Now that I've settled that one to my satisfaction (though again, feel free to quibble) I can write about how much I love "This Boy." I am a sucker for some tight vocal harmonies and some good singing, and "This Boy" has heaps of both. It also features a lazily groovy bass line from Paul and some nice jangly guitar work from George, which keep the song tight and well-structured and stuff, but are still just bonuses to me in the midst of all the beeyooteeful singing. So about the singing: John is taking the bottom part of the three-part harmonies here, with George in the middle and Paul on top. And John's vocal line, just the tiniest bit breathy and at the low end of his range, has this sweet seductive quality that grounds the earnestness of the other two, don't you think? And the fact that he's been singing so low just makes it crazy crazy ecstatic when he goes high and pleading and screamy and weepy in the bridge. Totally one of John's best vocal moments.
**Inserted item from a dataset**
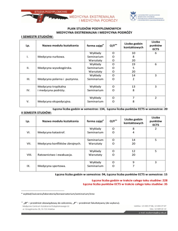 PLAN STUDIÓW PODYPLOMOWYCH MEDYCYNA EKSTREMALNA I MEDYCYNA PODRÓŻY I SEMESTR STUDIÓW: Lp. Nazwa modułu kształcenia forma zajęć∗ O/F∗∗ Liczba godzin kontaktowych O O O O O O O O 10 8 20 19 5 20 14 2 Liczba punktów ECTS 6 III. Medycyna polarna i pustynna. Wykłady Seminarium Warsztaty Wykłady Seminarium Warsztaty Wykłady Seminarium Wykłady Seminarium O O 13 8 3 IV. Medycyna tropikalna i medycyna podróży. Medycyna ekspedycyjna. Wykłady Seminarium O O 7 8 2 V. I. Medycyna nurkowa. II. Medycyna wysokogórska. 6 3 Łączna liczba godzin w semestrze: 134, Łączna liczba punktów ECTS w semestrze: 20 II SEMESTR STUDIÓW: Lp. Nazwa modułu kształcenia forma zajęć∗ O/F∗∗ Liczba godzin kontaktowych Liczba punktów ECTS 2 VI. Medycyna katastrof. Wykłady Seminarium O O 8 4 Medycyna konfliktów zbrojnych. Seminarium Warsztaty O O 14 20 5 VII. Ratownictwo i ewakuacja. Wykłady Warsztaty O O 12 20 5 VIII. Wykłady Seminarium O O 9 7 3 IX. Medycyna sportowa. Łączna liczba godzin w semestrze: 94, Łączna liczba punktów ECTS w semestrze: 15 Łączna liczba godzin w trakcie całego toku studiów: 228 Łączna liczba punktów ECTS w trakcie całego toku studiów: 35 * wykład/ćwiczenia/laboratoria/konwersatorium/seminarium/inne ∗∗ „O” – przedmiot obowiązkowy do zaliczenia, „F” – przedmiot fakultatywny (do wyboru).

Yow.
"This Boy" was a fun one to do live, but the close harmonies required actually being able to hear each other over the screaming of the fangirls, which led to situations like this one from their first American show at the Washington Coliseum. It was a weird show anyway-- the boxing-style arena forced the band to rearrange themselves between songs to face a different portion of the crowd-- but the sight of John, Paul, and George all crammed around one mic for "This Boy" is pretty funny.
Of course, they had to do the same thing on their second Ed Sullivan appearance. (This version has more prominent drumming, which I actually kind of like. Also, dig how the girls lose their minds when John comes out of the bridge.)
That sweet 12/8 time has me swaying in my desk chair and sighing girlishly to myself. Oh, "This Boy," how I love you.
"This Boy," released in the U.K. as a B-side to "I Want to Hold Your Hand," November 29, 1963; in the U.S. side A track 3 of Meet the Beatles, January 20, 1964.